#### [What is expected]
Reproduce the material below only from the line with "Комплект из 18" to the line with "1973 Russia v", both included, keeping each line exact and dropping the pictures.

#### [Provided material]
****

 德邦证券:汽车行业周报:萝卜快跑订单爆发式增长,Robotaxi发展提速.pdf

****

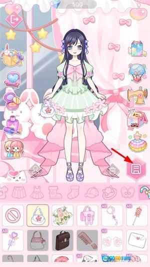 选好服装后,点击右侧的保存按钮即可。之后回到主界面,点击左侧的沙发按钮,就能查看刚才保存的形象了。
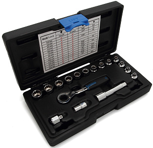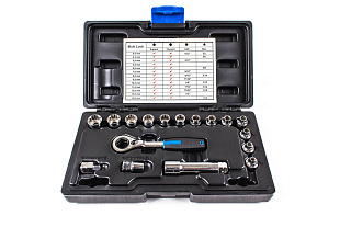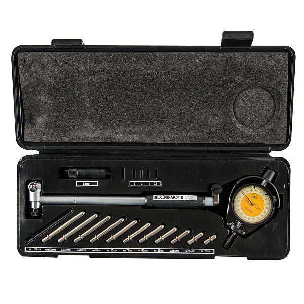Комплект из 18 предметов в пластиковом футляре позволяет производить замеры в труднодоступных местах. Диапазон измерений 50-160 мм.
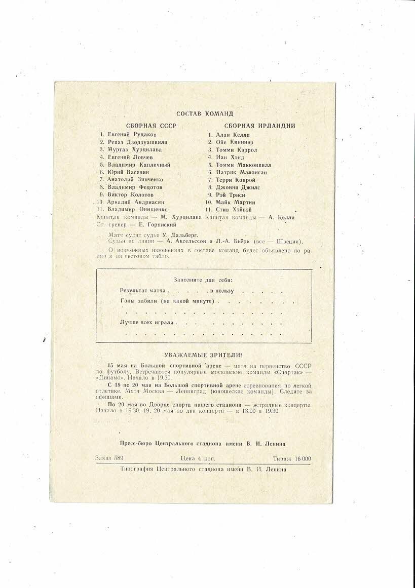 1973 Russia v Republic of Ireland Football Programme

****

#### [Result of this exercise]
Комплект из 18 предметов в пластиковом футляре позволяет производить замеры в труднодоступных местах. Диапазон измерений 50-160 мм.
 1973 Russia v Republic of Ireland Football Programme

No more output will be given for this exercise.